This page states the following:
Given that we have the following factory template function:
template<typename T, typename Arg>
shared_ptr<T> factory(Arg&& arg)
{
return shared_ptr<T>(new T(forward<Arg>(arg)));
}
One can choose among any of the two forward implementations:
- forward implementation using remove_reference
template<class S>
S&& forward(typename remove_reference<S>::type& a) noexcept
{
return static_cast<S&&>(a);
}
- forward implementation without remove_reference
template<class S>
S&& forward(S& a) noexcept
{
return static_cast<S&&>(a);
}
In the tutorial, it's mentioned that:
If you want to dig a little deeper for extra credit, ask yourself this question: why is the remove_reference in the definition of std::forward needed? The answer is, it is not really needed at all. If you use just S& instead of remove_reference::type& in the defintion of std::forward, you can repeat the case distinction above to convince yourself that perfect forwarding still works just fine. However, it works fine only as long as we explicitly specify Arg as the template argument of std::forward. The purpose of the remove_reference in the definition of std::forward is to force us to do so.

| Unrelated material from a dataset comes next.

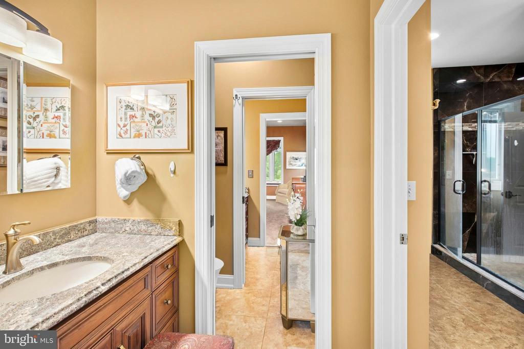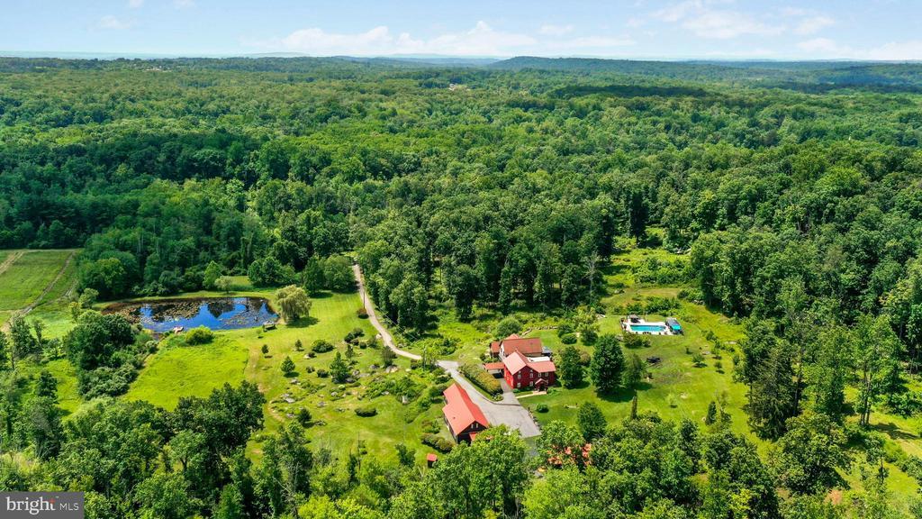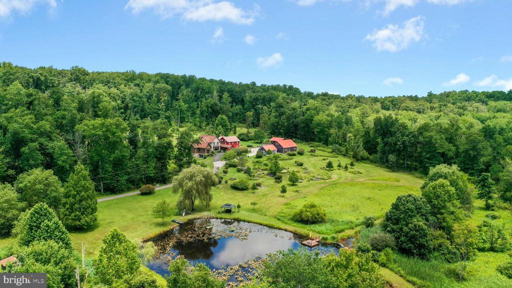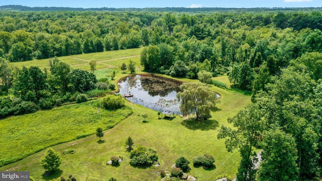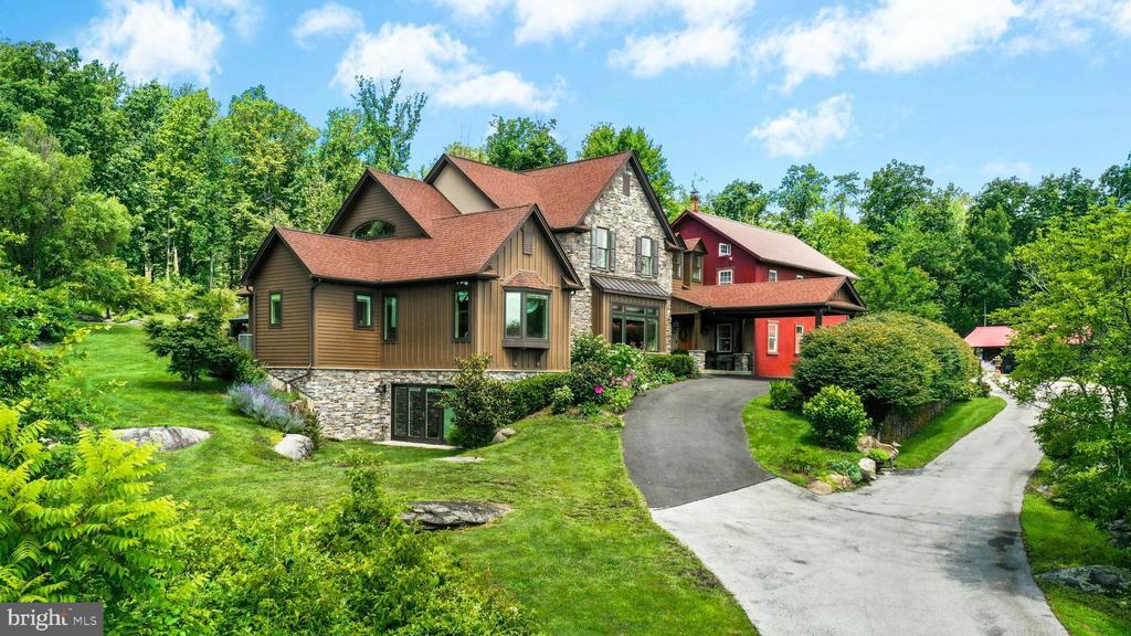 Set at the end of a long gated driveway amidst 65 open and wooded acres Boulder Ridge Farm has been reimagined into a rare multi-generational compound where 1890s Bucks County history and the 21st century blend harmoniously. A fully individual 3 to 4 bedroom home with all the modern conveniences was masterfully crafted in 2019 by Monogram Custom Homes and attached to the original classic 5 bedroom Bucks County farmhouse to create dual homes that are perfect for families who want separate spaces but proximity. Floorplans available at https://my.homediary.com/story/484610/u The ultra-efficient modern home has been crafted with an eye for detail and extraordinary building practices. A two story foyer flows into an open floor plan framed by detailed moldings and heated wood floors. The heart of the home is a stunning kitchen with granite countertops, walk-in pantry, island and side by side Wolf induction ranges with copper pot filler. Additionally, a built-in Miele coffee station, Fisher and Paykel dishwasher drawer and SubZero refrigerator ensure the chef will have all amenities at their disposal. Steps away from the kitchen is an elegant great room with coffered ceilings, triple window with built-in bench seat, gas fireplace flanked by floor-to-ceiling cabinetry and display shelving. A dining room also enjoys heated wood floors. The adjacent sun/sitting room has a vaulted ceiling with skylights, a picture window and glass doors to the bluestone patio. This home has a sought after main floor primary suite and 2nd bedroom or office. The walk-in closet is outfitted with beautifully crafted custom wood cabinetry and built-ins. A spa bath luxuriously accommodates with a jetted tub, separate granite vanities and water closet, all with heated floors and decadent heated river rock shower floors. The second floor loft hang-out area opens to two large bedrooms with walk-in closets and Jack and Jill bath with granite vanity and double sinks. A walkout lower level, also with heated floors, will continue to amaze with media, game, exercise, and family spaces. A beautifully appointed kitchenette has granite counters, high-end appliances and bar seating, with a full bath just beyond. Glass doors lead to the lawns and outdoor amenities. Not to be outshown by its modern counterpart the adjacent antique farmhouse also has an open and expansive floor plan. An updated kitchen features soft-close cabinetry and granite counters, and is open to the dining room, living room with fireplace and woodstove, and family room all with hardwood floors. The cozy den could also serve as a private home office. Five second floor bedrooms have wood floors and are brimming with charm, including a primary bedroom with en suite bathroom, and hall bath. Enjoy a perpetual private vacation at your own home. Resort-like amenities include a sunsplashed pool complex with a heated inground pool, luxurious hot tub with gazebo, and cabana. A picturesque pond is surrounded by scenic overlooks including a hidden cabin, dock and gazebo, all private and perfectly placed for reflection and repose. A detached oversized 3-car garage has a large second floor storage loft. An equipment garage and pavilion will house tractors and toys and a chicken coop is ready for your family’s flock. Escape from the ordinary and enjoy an exciting future in this versatile property located one hour from Center City Philadelphia. Enjoy the best of Bucks County in a private and tranquil setting.

Why does using remove_reference forces us to specify Arg as the template arg, are there any concrete examples where the difference is illustrated? The code appears to be the same since in both instances of forward, the type is derived from the template argument. I am also new to c so sorry if i am missing something obvious here.
CodePudding user response:
Why does using remove_reference forces us to specify Arg as the template arg
Because having a nested type remove_reference<S>::type as an argument makes a non-deducible context.
This applies for any nested type. For example, if you have
template< class T>
struct Identity
{
using type = T;
};
template< class T> void foo(T&){}
template< class T> void bar(typename Identity<T>::type&){}
then
int x;
foo(x);
bar<int>(x);
will compile, but
int x;
bar(x);
will not.